Get familiar with these shortcuts!  Create a code cell with the comment 'here is my code', and a text cell with the text 'This is my text answer'

## Exercise 2
By now, you should also have opened the csv file **world_bank_wdi.csv** in your notebook by running the corresponding cell in your notebook up above. 
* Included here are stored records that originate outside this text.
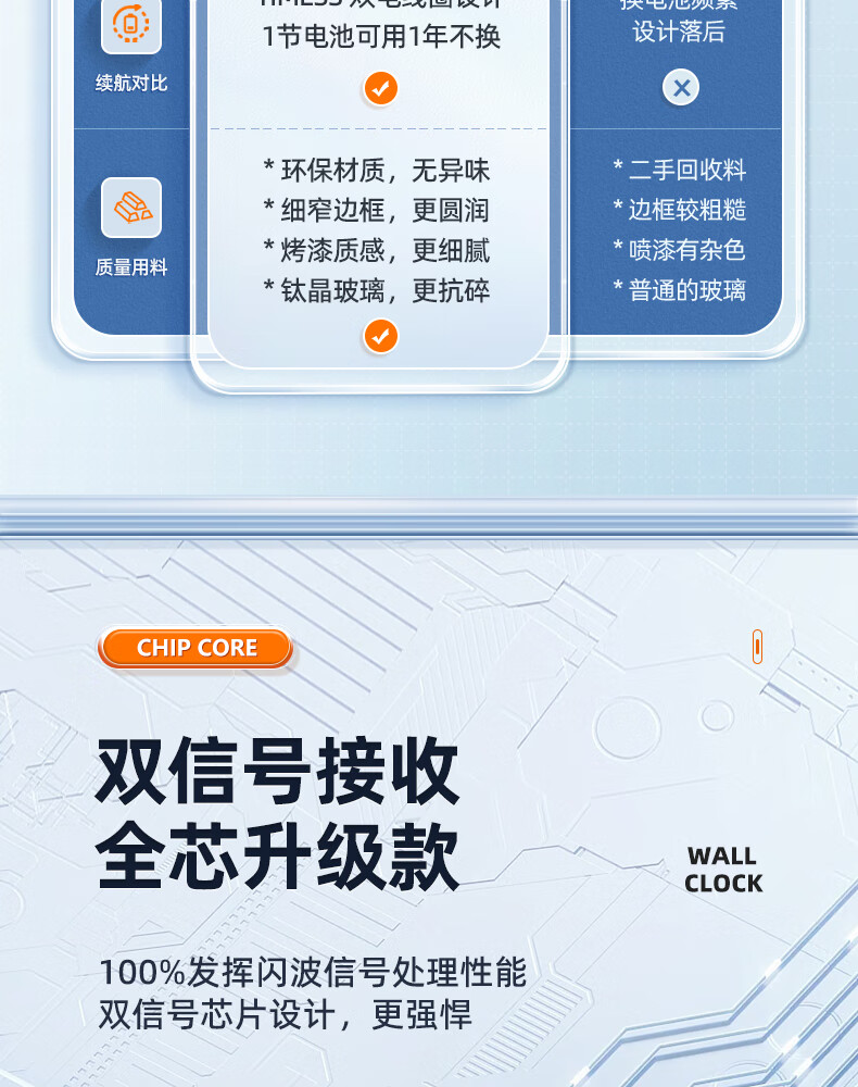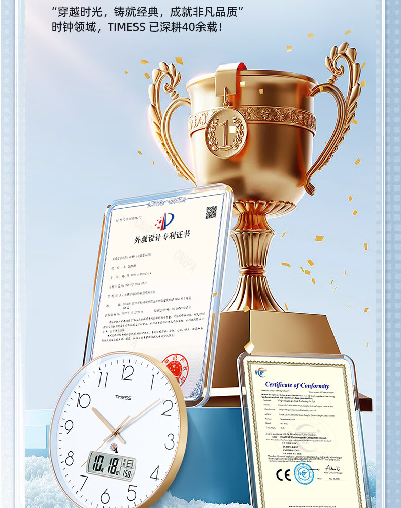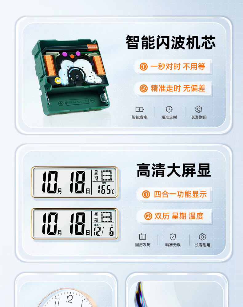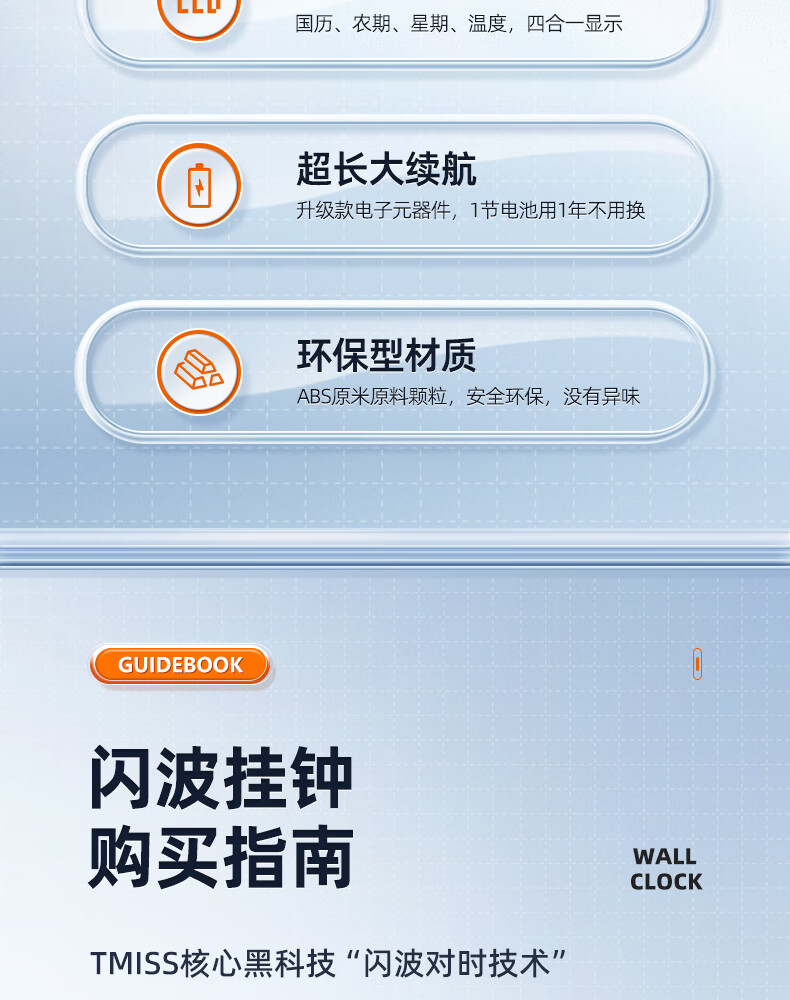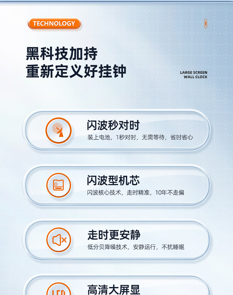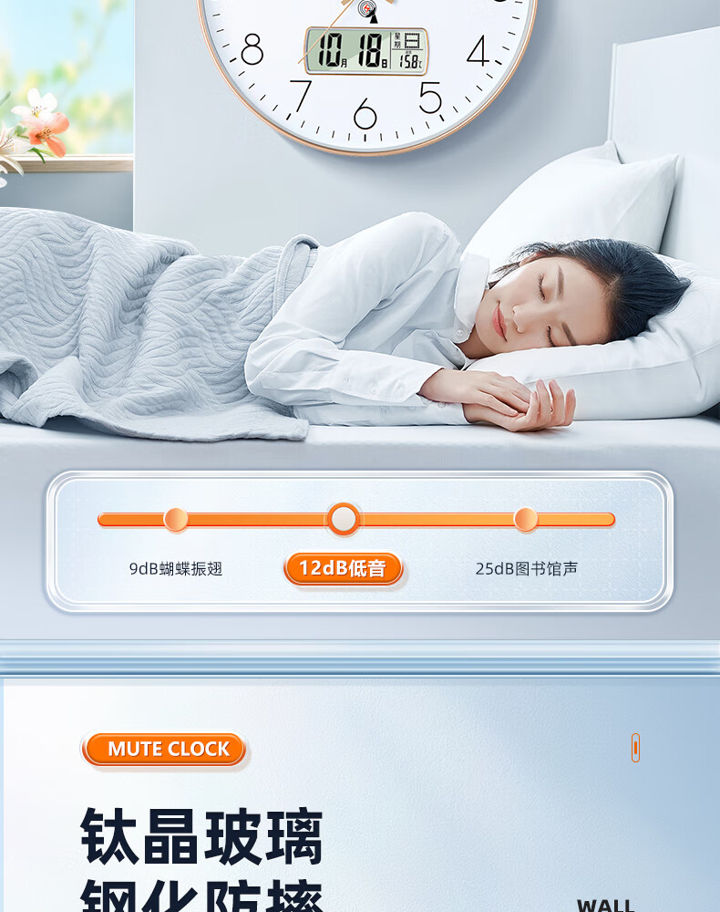 Timess电波钟自动对时挂钟客厅钟表2025新款温度日历免打孔表挂墙35cm
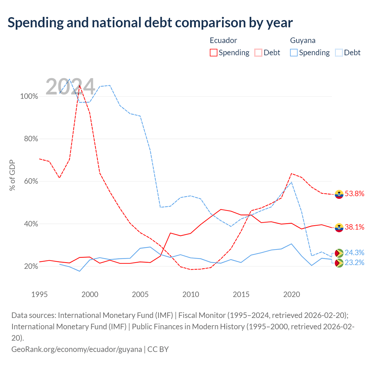 Ecuador has $67B in government debt (53.8% of GDP), compared to $5.99B (24.3% of GDP) in Guyana.
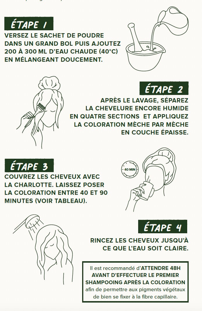 Suivre le mode d'emploi indiqué à l'intérieur de la boîte de coloration Emblica

Type `df` in a code cell and run it. What happens? 

## Exercise 3 

Look at excerpts of the data using ``df.head()`` and ``df.tail()``. This gives you a bit of a feeling for the variables in the data.

## Exercise 4
Let's look at some summary statistics of variables in this data set.

### Exercise 4a
Get your first summary statistics by using ``describe()`` on individual variables. How do you access individual variables? 

### Exercise 4b
Accessing individual variables can be a nuisance (lots of typing).  How can we summarise all of the (numeric) variables in the dataset at once?

### Exercise 4c
What if we have a dataset with lots of numeric variables and we are only interested in a few of them?  How can we summarise multiple variables of our choosing?  Practice this by printing a summary of population, GDP, and the life expectancies for males and females.

## Exercise 5
    
Play around with ``mean``, ``median``, ``std``, and ``var`` on individual variables. Notice how Pandas automatically disregards missing values.

## Exercise 6
Sometimes it can be important to know how many missing values there are for a variable.  How do we find them?